Studying CMEs ranks among the key scientific objectives for the Indian first solar observatory. One, because the ejections offer a chance to study the Sun at the centre of our planetary system, and two, because activities that take place on the solar surface endanger infrastructure on Earth and in orbit.

Impacts on Our Planet and Space Infrastructure

Coronal mass ejections seldom present immediate danger to people, but they do affect our planet through generating geomagnetic storms affecting the weather in Earth's vicinity, where about thousands of spacecraft, comprising many from India, are stationed.

"The most beautiful manifestations of a CME include northern lights, being a clear example that charged particles from our star journey to Earth," the scientist clarifies.

"However, they may cause electronic systems on a satellite fail, disable electrical networks and disrupt meteorological and telecom spacecraft."

Historical Solar Events

• The most powerful solar storm ever recorded occurred during the 1859 solar superstorm which knocked out telegraph lines worldwide
• In 1989, sections of Canadian electrical network was knocked out, affecting millions in darkness for nine hours
• During late 2015, solar activity disrupted flight operations, leading to disruption across Scandinavia and some other European air hubs
• Recently in 2022, an ejection caused 38 commercial satellites being lost

With capability to observe events in the solar atmosphere and spot a solar storm or a coronal mass ejection in real time, measure its heat at origin and track its trajectory, this serves as a forewarning to switch off electrical systems and spacecraft and move them to safety.

The Mission's Special Capability

While other space observatories observing our star, Aditya-L1 holds an edge compared to rivals regarding studying the solar atmosphere.

"The instrument has perfect dimensions enabling it to nearly mimic lunar coverage, completely blocking the solar disk and allowing it continuous observation of almost all of the corona around the clock, 365 days a year, even during eclipses and occultations," notes the researcher.

In other words, the coronagraph acts like an artificial Moon, blocking the Sun's bright surface to let scientists constantly study its faint outer corona – a feat natural eclipses does only during specific moments.

Moreover, it's unique capable of examining eruptions in visible light, letting it determine eruption heat and heat energy – crucial data indicating how strong a CME would be when traveling our direction.

Readiness for Maximum Activity

In preparation for next year's solar maximum, researchers worked together analyzing information gathered from one of the largest CMEs that Aditya-L1 has recorded until now.

This event began in September 2024 at 00:30 GMT. Its mass totaled billions of tons – for comparison that struck the ship was 1.5 million tonnes.

At origin, its temperature was 1.8 million degrees Celsius with energy equivalent comparable to millions of tons of explosives – in comparison the atomic bombs on Hiroshima and Nagasaki were much smaller and 21 kilotons each.

Although the numbers make it sound incredibly large, the expert describes it as a "medium-sized" one.

The asteroid that eliminated prehistoric life on our planet carried enormous energy and during the Sun's maximum activity cycle, we could see CMEs carrying power matching even more than that.

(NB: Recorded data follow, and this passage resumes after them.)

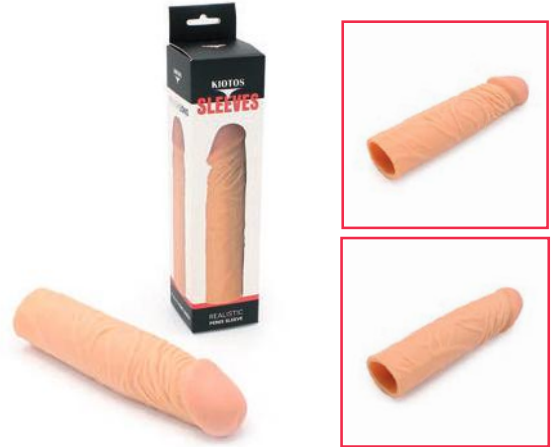
Kiotos Realistic Penis Sleeve 670000032405 📏 185 mm | Ø 42 mm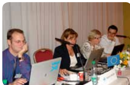
Direcção do EPBS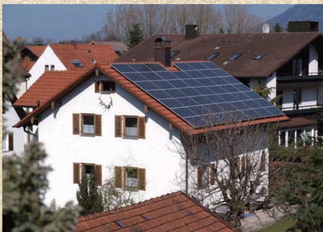
一般的な戸建て住宅と太陽電池

さて次回は再生可能エネルギー法をもう少し掘り下げ、その成功の秘密を探ってみます。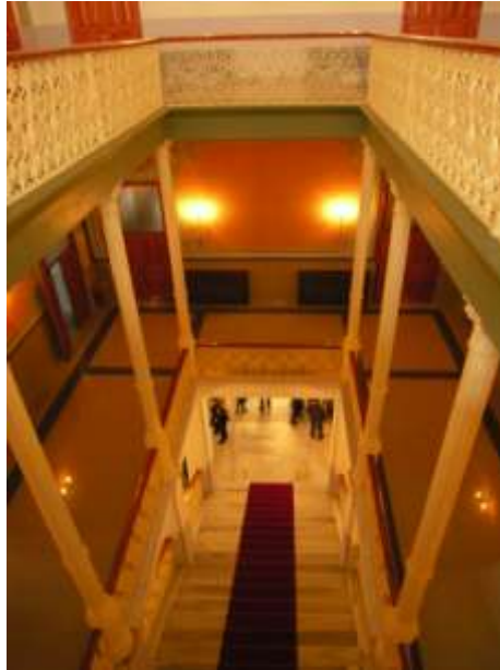
İ.Ü. Eczacılık Fakültesi A Blok (Keçecizade Fuad Paşa Konağı) giriş merdivenlerinin ve birinci katının, ikinci kattan görünümü.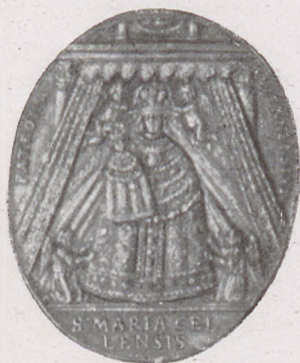
Medalion na pamiątkę odsieczy Wiednia 1683. Str. główn.: widok bitwy, w tyle miasto Wiedeń, nad niem Trójca św. Str. odwrotna: cudowny obraz Matki Boskiej Maryacell, PATRONA VIENENSIVM.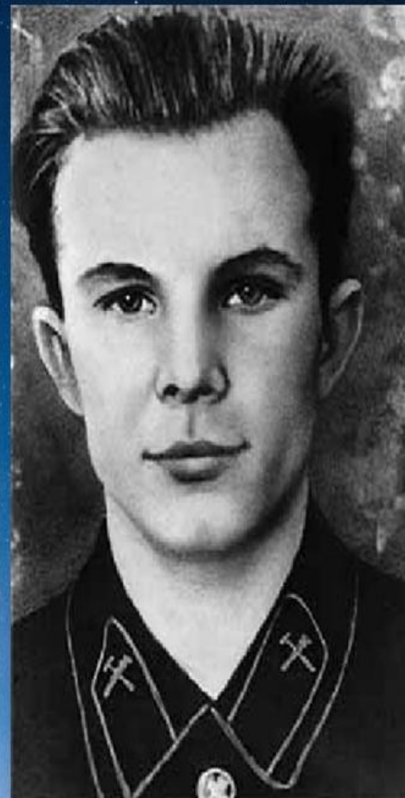
Саратовский индустриальный техникум

"In my view this eruption we evaluated happened when the Sun was in the normal activity phase. Now this sets the standard for future comparison to evaluate what to expect when the maximum activity cycle occurs," he states.

"The learnings gained will assist in developing protective measures to implement safeguarding satellites in near space. They will also help achieving deeper knowledge of our space environment," he concludes.